Echocardiographic findings revealed no significant differences in the left ventricular end-diastolic diameter, left ventricular ejection fraction, E/E' ratio, or left atrial diameter among the groups. However, the TRPG and IVC diameters demonstrated significant differences between the severity groups. The TRPG increased significantly with disease severity (P < 0.01 for all intergroup comparisons) as did the IVC diameter (P < 0.05 for all intergroup comparisons).
Although most parameters did not vary significantly across the groups, the TRPG and IVC diameter significantly varied with increasing TR severity. These results suggest that TRPG and IVC diameter may serve as useful indicators of disease severity.

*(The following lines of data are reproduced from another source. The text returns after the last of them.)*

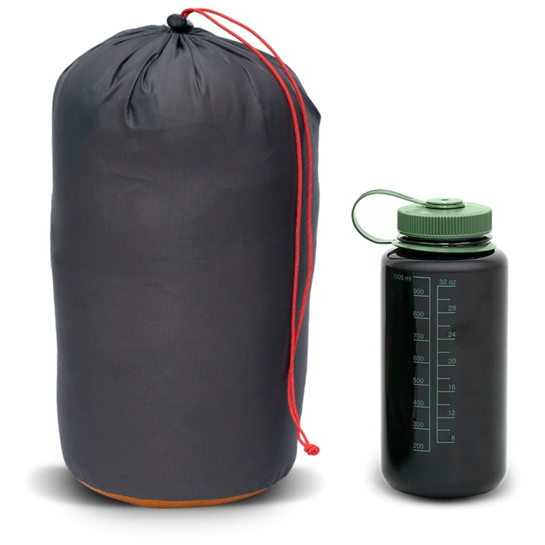 La construcción optimiza el loft y la eficiencia térmica sin volumen innecesario. Tiene un relleno de plumón de pato con un poder de relleno de 850 cuin y una proporción de plumón de 90/10, que aísla perfectamente. A ello contribuye el cuello térmico de nueva forma, que envuelve firmemente los hombros y evita la pérdida de calor. La capucha tiene cordones a ambos lados. La cómoda forma de momia 3D mejora el aislamiento térmico y proporciona comodidad. El espacio alrededor de los pies está especialmente adaptado con forma de aleta de tiburón, lo que permite que las piernas permanezcan estiradas en una posición natural durante la noche y proporciona aislamiento adicional.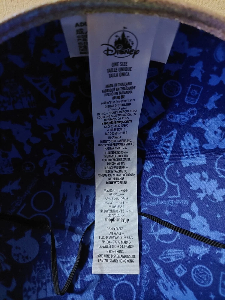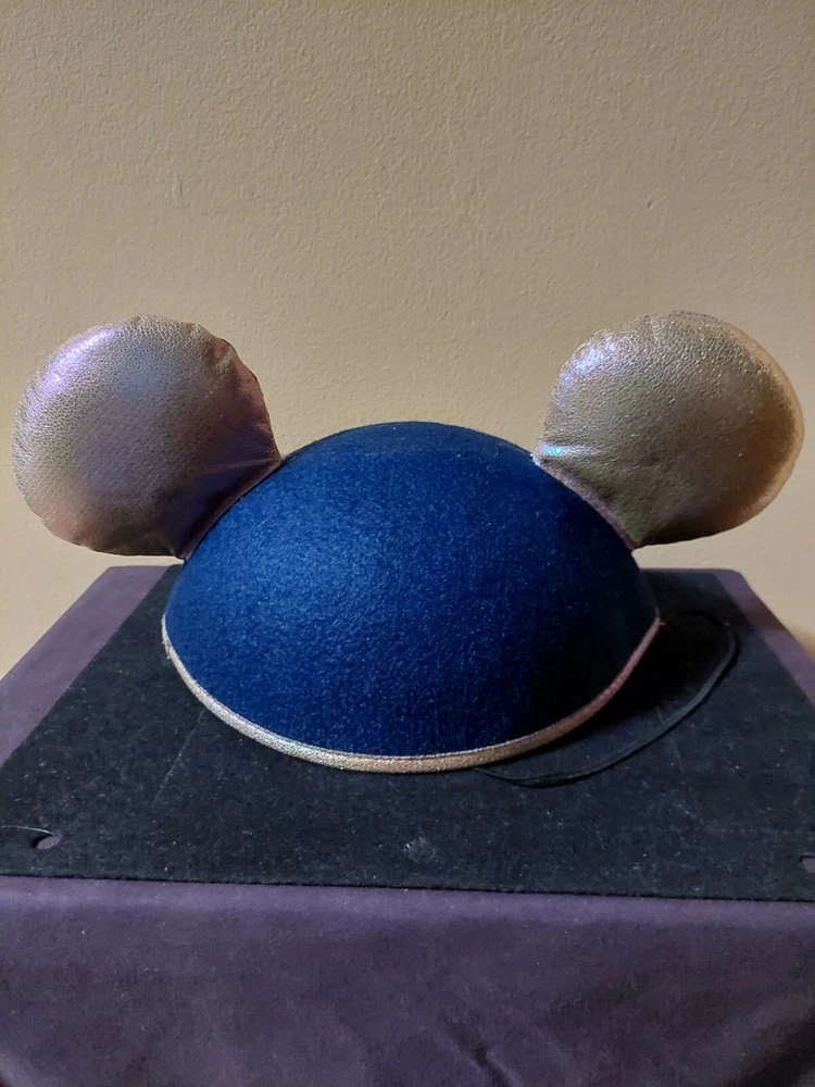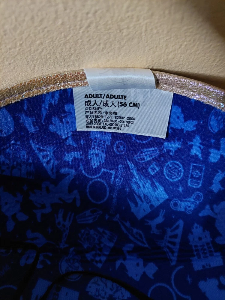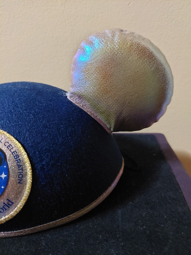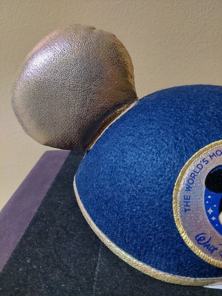 This blue Mickey Mouse hat with metallic looking ears is the perfect addition to any Disney fan's collection. Made in Thailand and suitable for both men and women, this hat features the iconic character from the Disney franchise. The hat is a part of the Disney Parks WDW Worlds Most Magical Celebration collection and is a must-have for any Disneyana collector. The adult one size fits all hat is perfect for wearing to the park or just as a stylish accessory.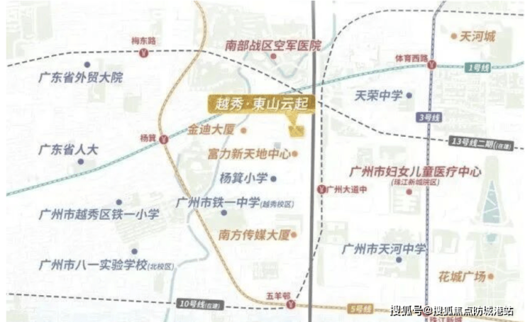 越秀·東山云起位于越秀区东山板块,广州大道中地段,周边配套成熟。项目距离5号线杨箕站约700米,未来10号线广州大道中站距项目约400米,便捷接驳CBD及老城各主要区域。自驾出行亦十分便利,可快速抵达天河北、荔湾及海珠区域。项目地处核心板块,兼具老城区生活气息与CBD现代资源,满足居住者通勤、购物、娱乐及商务需求。交通优势与核心区稀缺性共同提升了住宅的投资价值和居住舒适度。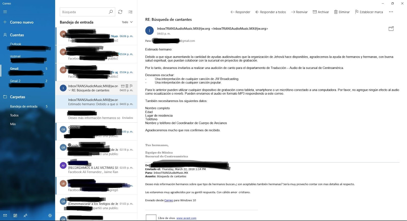 Creo que el guerrear teocrático o la edad le está pasando factura.Si usted desea corrobore si es cierto o no enviando al correo InboxTRANSAudioMusic.MX@jw.org y espere la respuesta de la organización.Y antes de emitir un juicio acusando a los exmiembros(especialmente usted amigo TH), tómese el tiempo de preguntarle a sus dirigentes...o al menos confirme si el correo ,en este caso, es verdadero y pertenece a la organización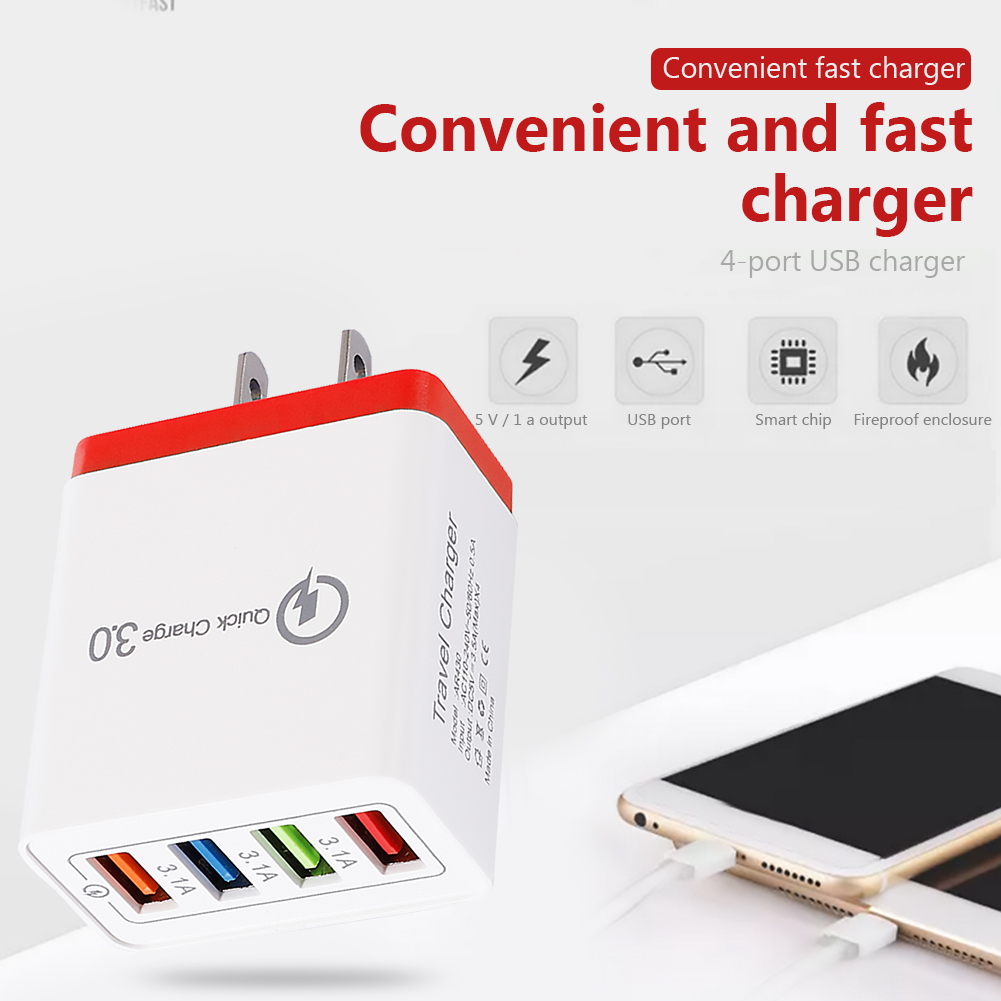 Портативное 4 порта Smart USB Цветное зарядное устройство 3A Быстрая зарядка Зарядное устройство для телефона US Plug Адаптер Универсальный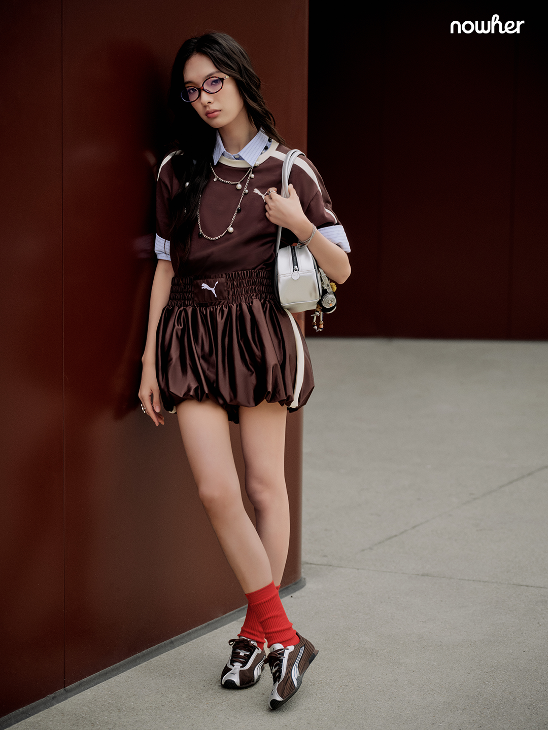 棕色 T7 运动短袖内搭衬衫,下配短裤,整体勾勒出利落又知性的女性轮廓。而脚下的 PUMA H-Street,则成为点睛之笔,其纤薄修长的鞋身与干净利落的线条,不仅在视觉上延伸了腿部比例,鞋身配色更与服饰形成了巧妙的呼应。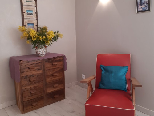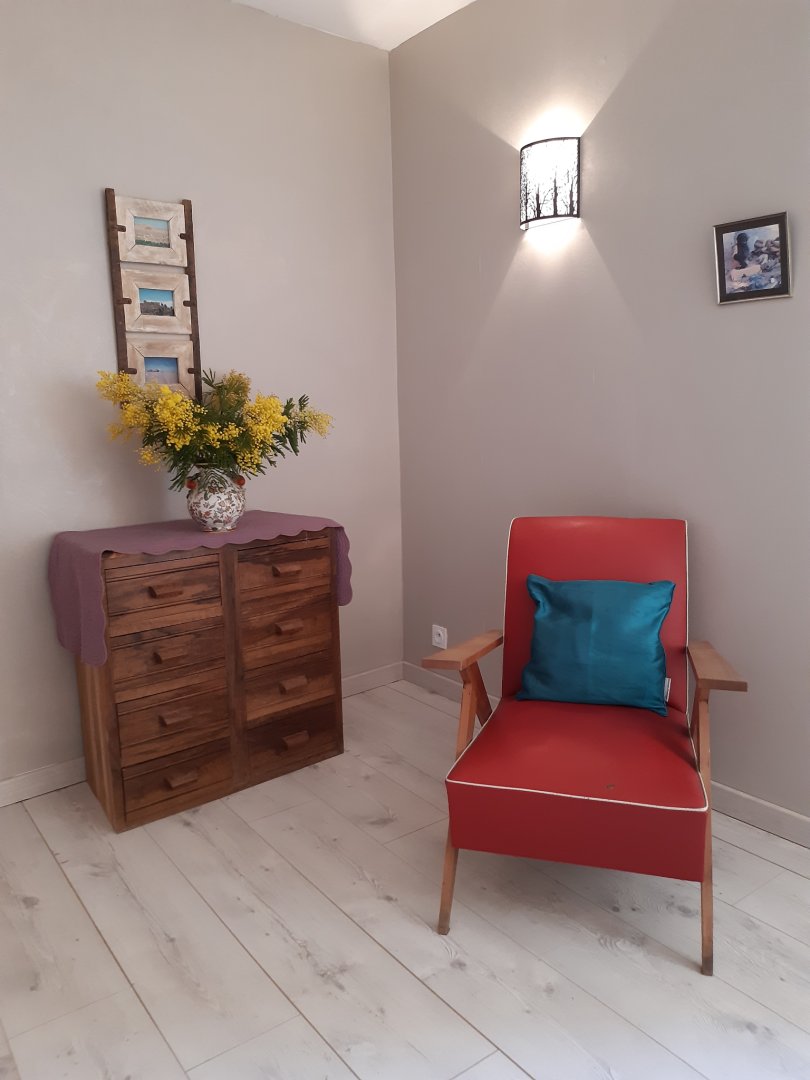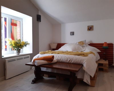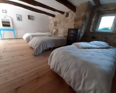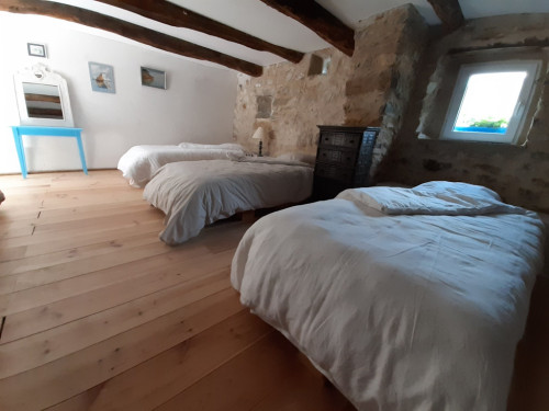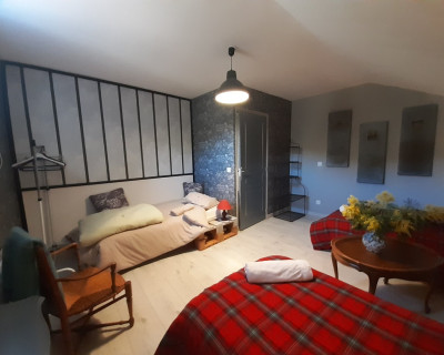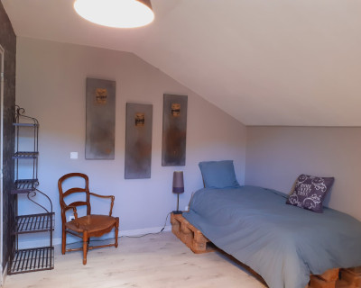 Modulable pour 3 personnes, l'espace est confortable et aménagé avec un coin lecture et des espaces de rangement.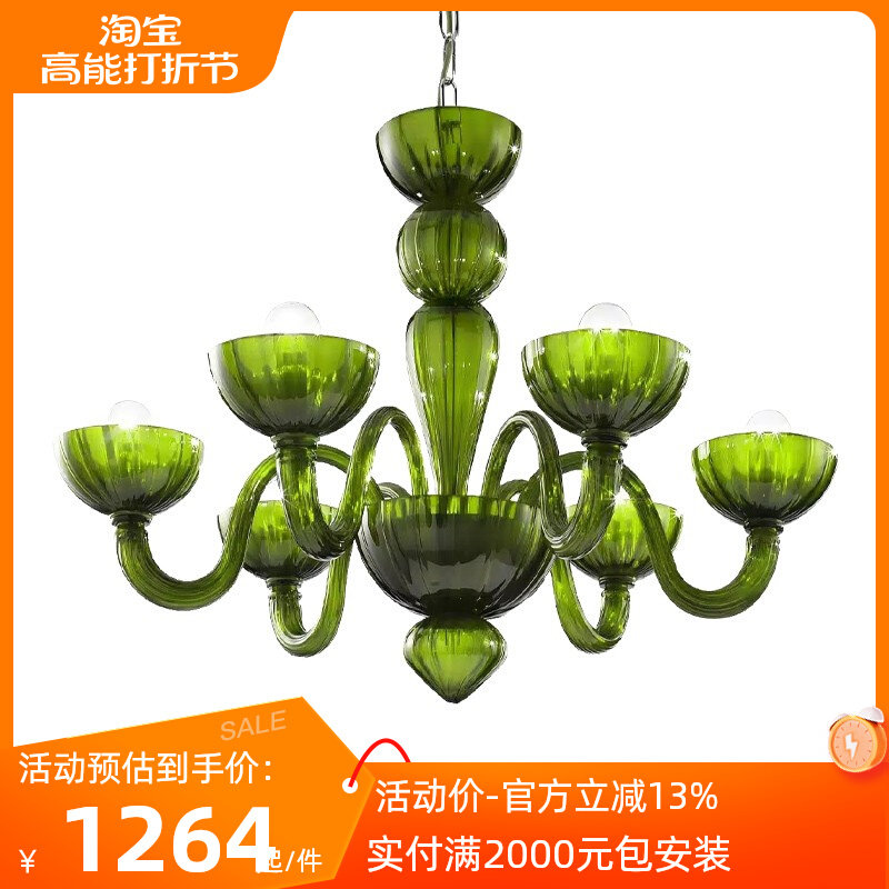 全美一丁法式餐厅复古紫色玻璃吊灯具现代简约创意客厅绿色灯米兰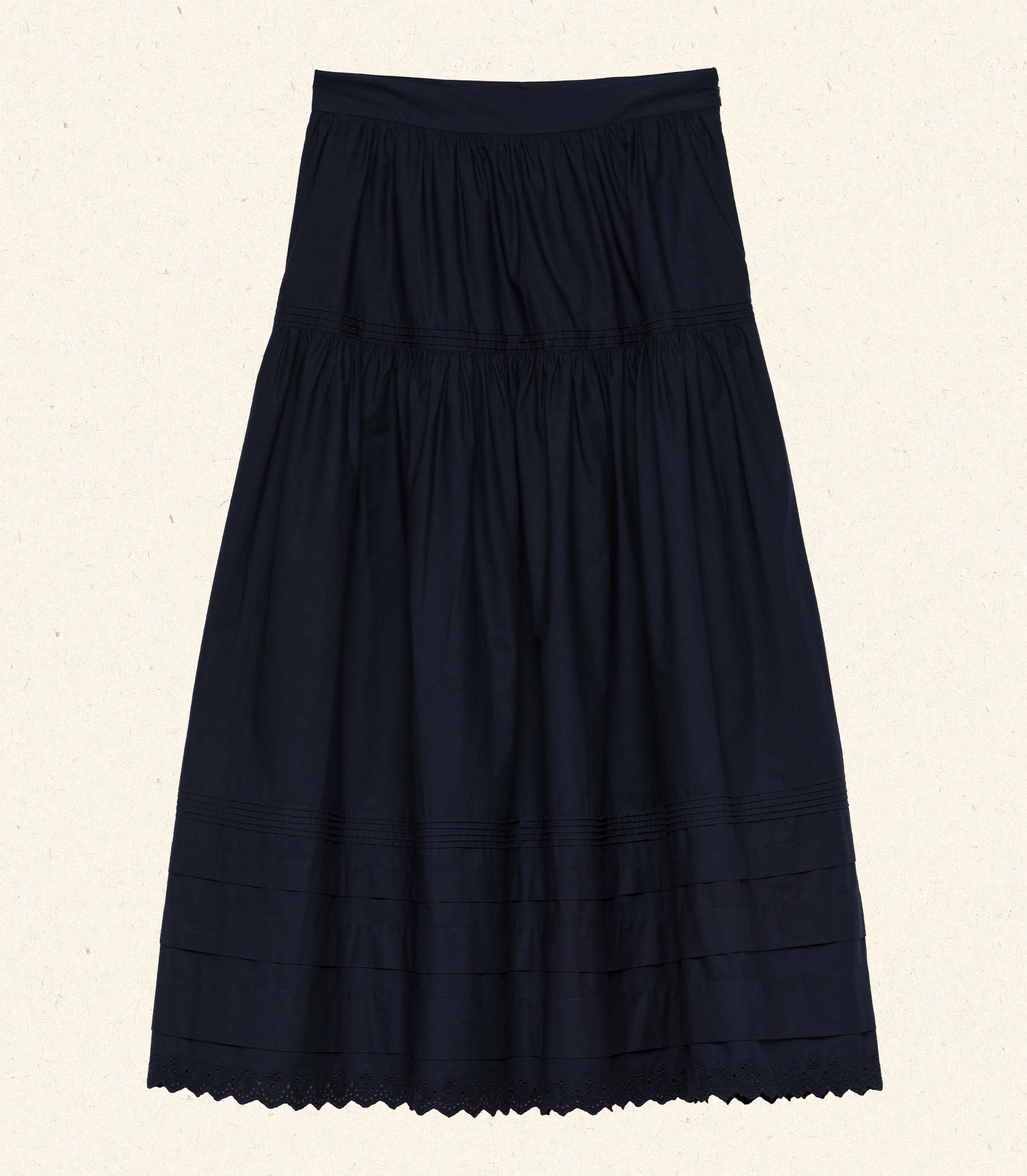 Inspired by an Edwardian-era trousseau and rendered in crisp organic cotton, the Sebastiane Skirt—a forever-favorite of our styling team—features a high waist, an A-line silhouette graced with horizontal tiered pintucks, and an ankle-grazing hemline trimmed with scallop eyelet embroidery for a touch of romance. An invisible side zipper with a hook-and-eye closure creates the perfect fit.

The constructed TR severity prediction model was evaluated using 36 test cases to validate its accuracy. The confusion matrix for the three-tier TR severity classification (mild, moderate, and severe) is shown in Table 2. The overall prediction accuracy of the model was calculated as 63.9%, demonstrating relatively high performance. The F-measure analysis revealed that the model’s accuracy improved with increasing TR severity. Specifically, the model tended to classify cases more accurately as the severity progressed from mild to moderate and then to severe. This finding suggests that the model is particularly reliable for predicting severe TR.
Predicted severity | Recall | ||||
Mild | Moderate | Severe | |||
Actual severity | Mild | 6 | 7 | 3 | 0.375 |
Moderate | 1 | 10 | 2 | 0.769 | |
Severe | 0 | 0 | 7 | 1 | |
Precision | 0.857 | 0.588 | 0.583 | ||
F-measure | 0.522 | 0.667 | 0.737 |
The severe class demonstrated the highest recall (1.000), with all cases correctly classified. In contrast, the mild class had a relatively high number of misclassifications, resulting in a lower recall of 0.375. Regarding precision, the mild class achieved the highest value (0.857), whereas the severe class achieved a slightly lower precision (0.583). Comparing the F-measures, the severe class had the highest score (0.737), followed by the moderate (0.667) and mild (0.522) classes.
These results indicate that, although the classification performance for the severe class is strong, there is room for improvement in the classification of the mild class. The classification performance for the moderate class was relatively balanced overall; however, potential exists for further improvement in precision (Table 2).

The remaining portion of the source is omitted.